MAP1S controls microtubule stability throughout the cell cycle in human cells.

Author information

1
Zentrum für Molekulare Biologie der Universität Heidelberg (ZMBH), DKFZ-ZMBH Alliance, Im Neuenheimer Feld 282, 69120 Heidelberg, Germany.
2
European Molecular Biology Laboratory (EMBL), Advanced Light Microscopy Facility Programme, Meyerhostr.1, 69117 Heidelberg, Germany.
3
European Molecular Biology Laboratory (EMBL), Cell Biology and Biophysics Programme, Meyerhostr.1, 69117 Heidelberg, Germany.
4
Zentrum für Molekulare Biologie der Universität Heidelberg (ZMBH), DKFZ-ZMBH Alliance, Im Neuenheimer Feld 282, 69120 Heidelberg, Germany o.gruss@zmbh.uni-heidelberg.de.

Abstract

Understanding the molecular basis for proper cell division requires a detailed functional analysis of microtubule (MT)-associated proteins. MT-associated protein 1S (MAP1S), the most ubiquitously expressed MAP1 family member, is required for accurate cell division. Here, using quantitative analysis of MT plus-end tracking, we show that MAP1S knockdown alters MT dynamics throughout the cell cycle.
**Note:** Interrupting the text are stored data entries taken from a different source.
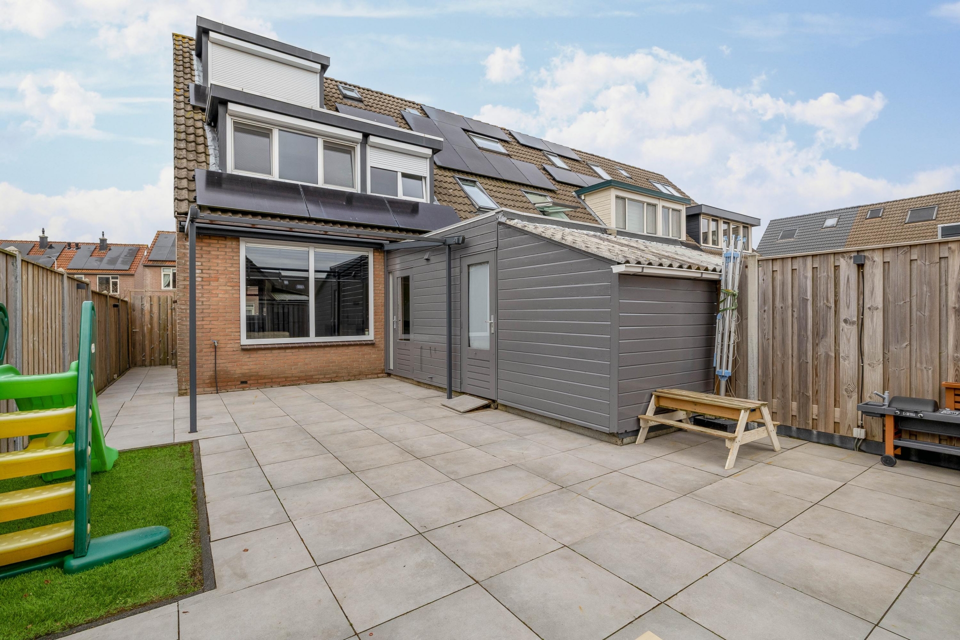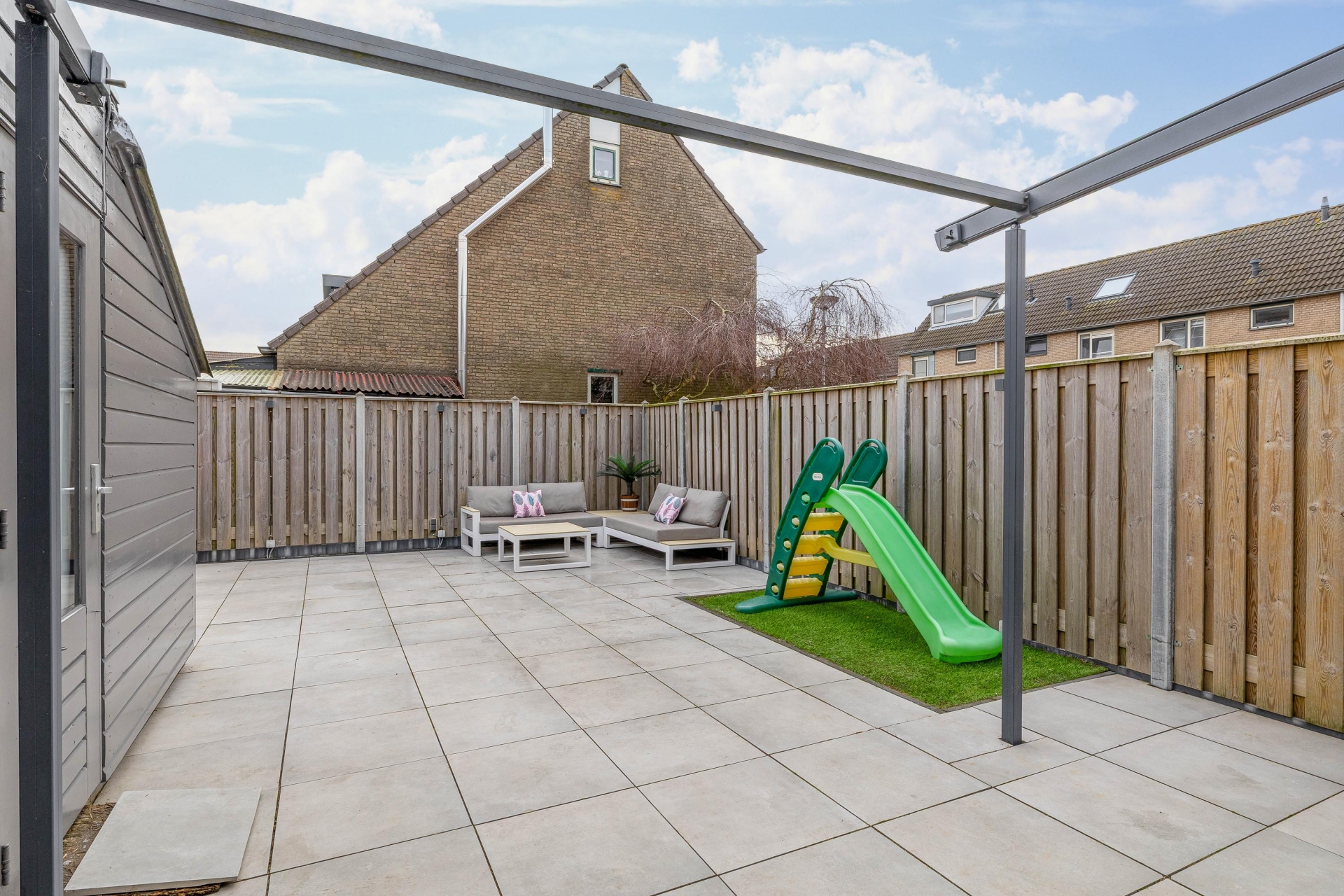 De tuin is ruim genoeg voor een gezellige loungehoek, een eettafel en speelruimte voor kinderen. Er is een praktische aangebouwde berging voor fietsen en tuinspullen.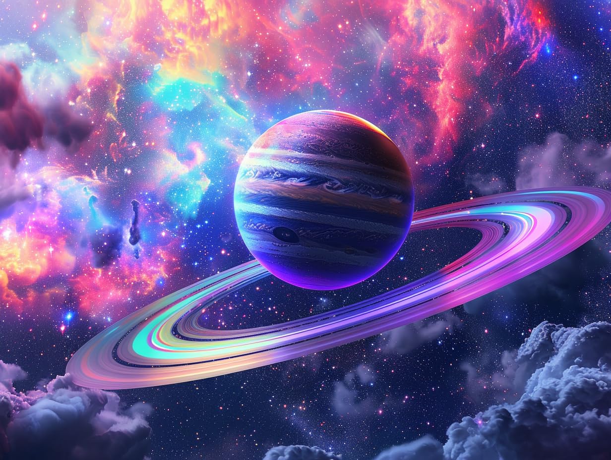 - In a distant galaxy, a majestic planet floats serenely, its vibrant rings shimmering with hues of blue and purple. The cosmic sky is ablaze with colors, a symphony of light and darkness intermingling. This celestial scene invites us to dream big and explore the endless possibilities of the universe. Each diamond in this painting represents a piece of the cosmos, capturing the essence of the infinite expanse and the beauty of the unknown.
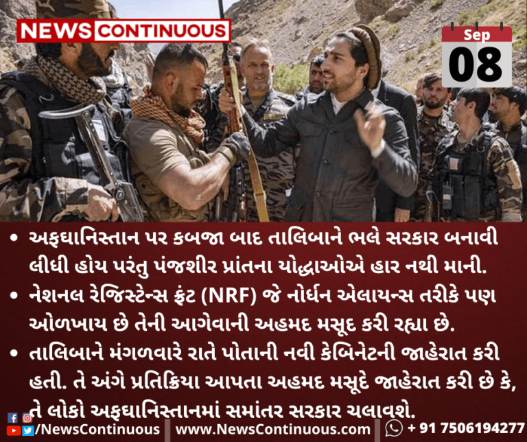 તાલિબાને મંગળવારે રાતે પોતાની નવી કેબિનેટની જાહેરાત કરી હતી. તે અંગે પ્રતિક્રિયા આપતા અહમદ મસૂદે જાહેરાત કરી છે કે, તે લોકો અફઘાનિસ્તાનમાં સમાંતર સરકાર ચલાવશે.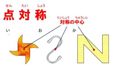 2つ目のグループが「点対称な図形」グループ!このグループの特徴は「ある点を中心にして180°まわすと,もとの形にピッタリ重なる」ということです。また,その中心を「対称の中心」といいます。いろんな形をクルクル回してみて,身の回りの「点対称な図形」を探してみるのも楽しいかもしれませんね。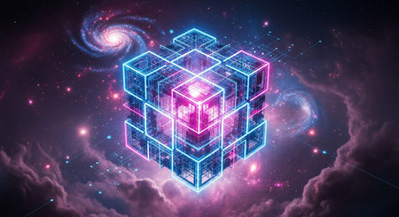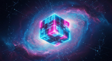 A striking, multi-layered neon cube, glowing with intense blue and pink light, is the focal point. It is positioned within a vibrant cosmic scene featuring a swirling spiral galaxy and colorful nebulae. The cube's structure is a complex lattice of interconnected lines and nodes, suggesting a digital or data construct. The surrounding space is filled with stars and cosmic dust, creating a visually rich and awe-inspiring representation of technology within the universe.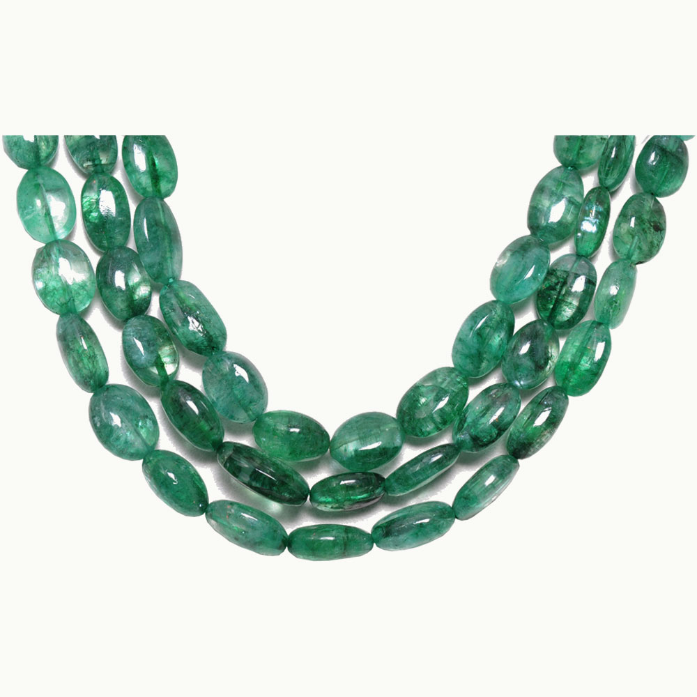 3 Lines 401 Carats Emerald Gemstone Oval Shaped Beads Necklace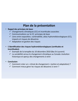 Le document aborde la communication sur le changement climatique, en proposant des principes de base pour sensibiliser et adapter la société face aux risques liés aux aléas hydrométéorologiques. Il met l'accent sur l'importance de comprendre et de gérer l'incertitude scientifique, tout en soulignant les actions à mener pour anticiper les impacts futurs des phénomènes climatiques extrêmes. En conclusion, il insiste sur la nécessité d'évaluer et de réduire les risques en intégrant ces connaissances dans la prise de décision et la prévention des catastrophes.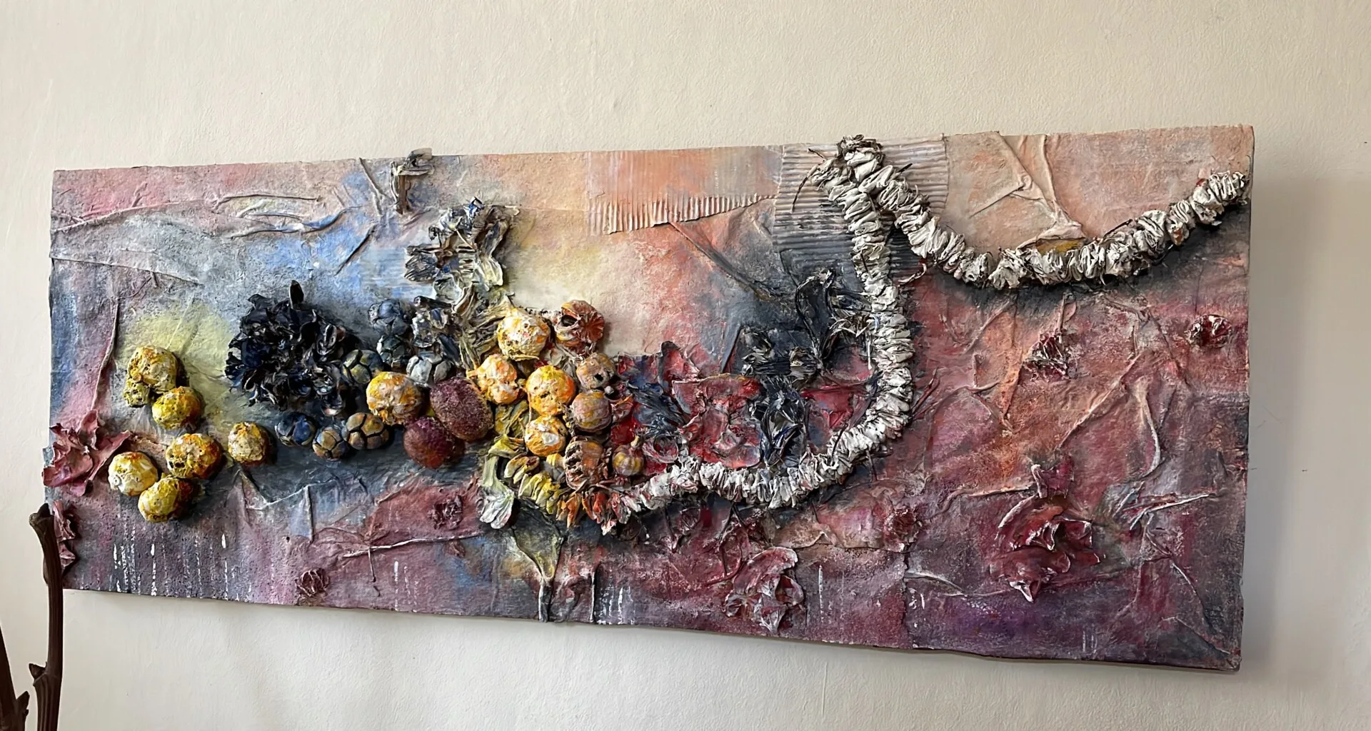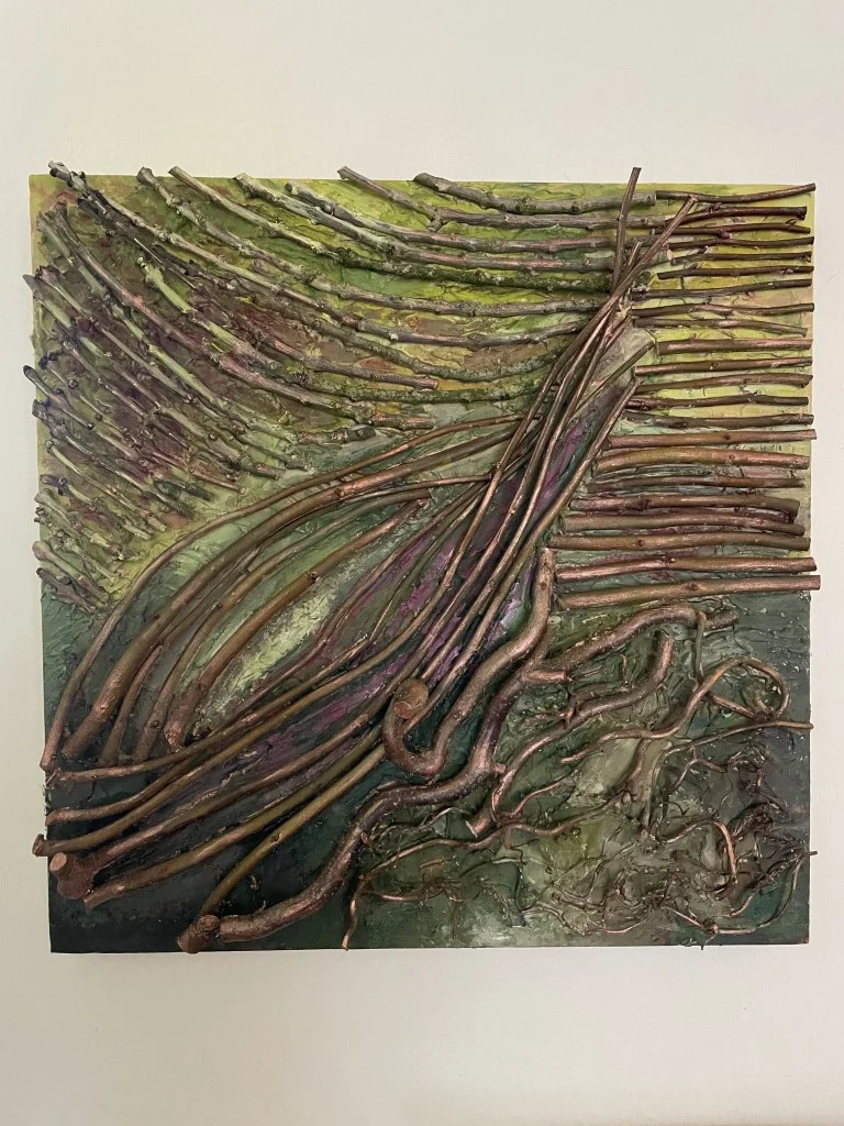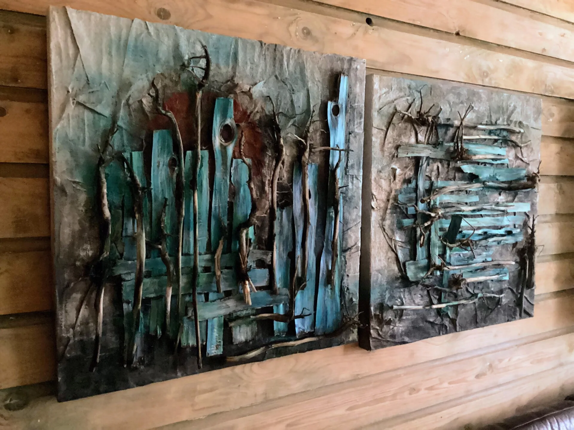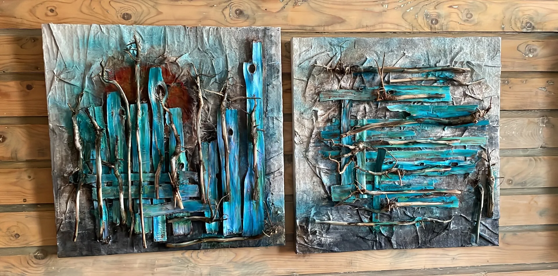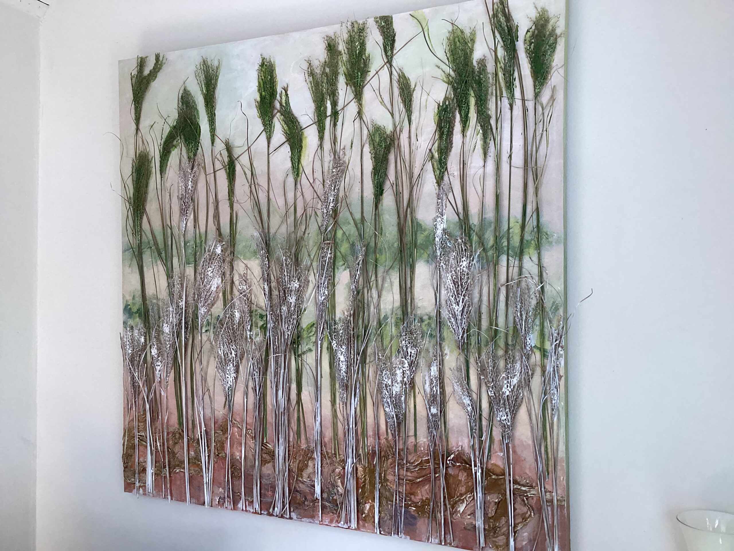 Zie je op deze website iets wat je aanspreekt? Ik kan op maat een vergelijkbaar wandobject voor jou maken. Ik koop zo min mogelijk nieuw materiaal, die ik als ondergrond gebruik. De keuze is; (oud) schilders doek of sloophout. Soms is bepaald blad niet op voorraad.

Surprisingly, MAP1S downregulation results in faster growing, yet short-lived, MTs in all cell cycle stages and in a global loss of MT acetylation. These aberrations correlate with severe defects in the final stages of cell division. In monopolar cytokinesis assays, we demonstrate that MAP1S guides MT-dependent initiation of cytokinesis. Our data underline the key role of MAP1S as a global regulator of MT stability and demonstrate a new primary function of MAP1S to regulate MT dynamics at the onset of cytokinesis.

KEYWORDS:

Cytokinesis; MAP1S; Microtubule; Microtubule dynamics; Microtubule-associated protein

PMID:
25300793
DOI:
10.1242/jcs.136457
[Indexed for MEDLINE]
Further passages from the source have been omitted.